Gabonese football is characteristically tough, physically strong, not particularly pleasing on the eye and typically a counter-attacking style of play with a low goal tally (the top scorer in the league scored just 12 goals throughout the competition). With an over reliance on long balls, there is little midfield participation.
The prototype of the Gabonese footballer is a player with excellent stamina, physically strong, good physique, quick and agile. Undoubtedly, African players tend to be strong and quick: characteristics that are decisive in the modern game.
Of course, the Gabonese competition is not at the same level as other African leagues, such as Egypt, Tunisia and South Africa; but in sporting terms there are some very interesting players in the national team squad.
It is a league comprised of local players or players from nearby countries such as Cameroon, Congo, and severa Central African states - although since its professionalization its appeal has grown and it now incorporates players from Brazil, Portugal or France.
Development stage and youth Football
As in most African countries there is a major problem within youth football that is, in my opinion, a consequence of a wrongful perception of what is the purpose of football at the development level where, unfortunately, the main objective is to win rather than develop.

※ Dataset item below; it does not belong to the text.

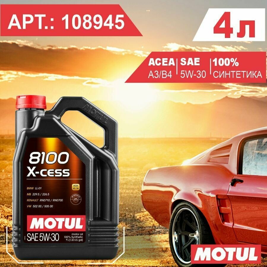 MOTUL Motul^108945 Масло Моторное Motul 8100 X-Cess A3/B3/B4 5w30 4 Л 108945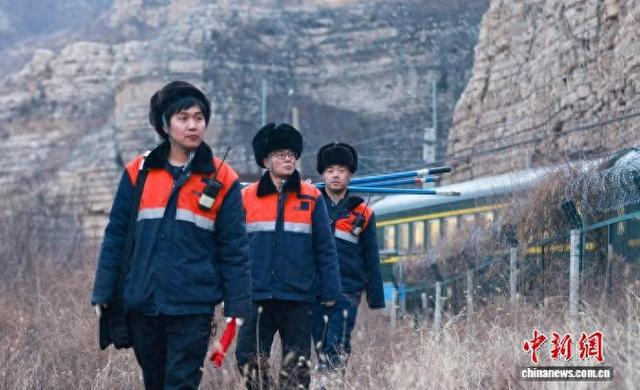 1月28日,中国铁路北京局集团有限公司北京供电段的巡检人员在北京市门头沟区对丰沙铁路供电系统和设备开展巡检,排查隐患。随着春运临近,铁路后勤维保部门加强巡检,确保行车安全。中新社记者 贾天勇 摄

In junior leagues it is common to see children of 12 years old competing with 15 or 16 year olds: where the 3 or 4 year age gap entails a degree of physical risk, not to mention being totally unfair at a competitive level.
The first step towards improving standards is to aim for improving the training of coaches in Gabon, opening their minds to new methodologies, understand that a coach is not just a labourer, but someone who has a great potential for development in his hands and that that his job is not only to win games but to accept responsibility as "coach-educator". This mis-management of football at junior levels has a negative long-term impact upon all professional levels and the national team beyond that.

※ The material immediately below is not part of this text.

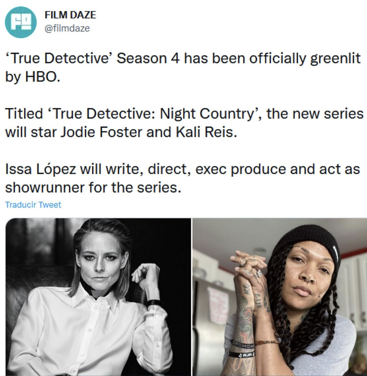 По информации источника, в четвертом сезоне Рейс сыграет с двукратной обладательницей Оскара из Голливуда – Джоди Фостер. Боксерша будет детективом по имени Эванджелина Наварро, а эта часть будет называться "Настоящий детектив: Ночная страна".

There are many bad habits in African football, especially at junior levels but it has retained something that the European game has lost: the characteristics of street football: "I want to beat my friend, because I am better than him."
Children are the future and taking care of the game at youth level guarantees improvement and, consequently, brings success.
Aspects that can increase the level of African football
There is plenty of potential, but it remains largely untapped: wasted by a lack of professionalism, the training of coaches and the application of methodologies and general organization.
There are elements that I feel should be taken into account to improve the level of African football that accords with the potential and room for improvement shown by the players, including:
- Learning to protect the ball, retain posession and encourage players to use movement to make themselves available for team mates.
- Stop playing long, speculative balls as the only means of attack that lacks structure and purpose. You have to make sense of attacking football and you do so by alternating between the long and short game.
- Alter the tempo of the game and progress judiciously.
- Teach decision making and encourage players to make the right decisions to create smart players able to make the right decisions at the right time.
- Teach quality finishing, despite the fact that there are players who possess this innate talent, it is a very important factor to improve a team’s effectiveness in the final few metres and is often the decisive factor in a game, regardless of the overall performance of the tea.
- Training and teaching of tactical intelligence, giving the player the necessary skills and training for real-game situations. This means asking players to make decisions accordingly - both individually and collectively - and really getting them to know how to make the right call in any situation.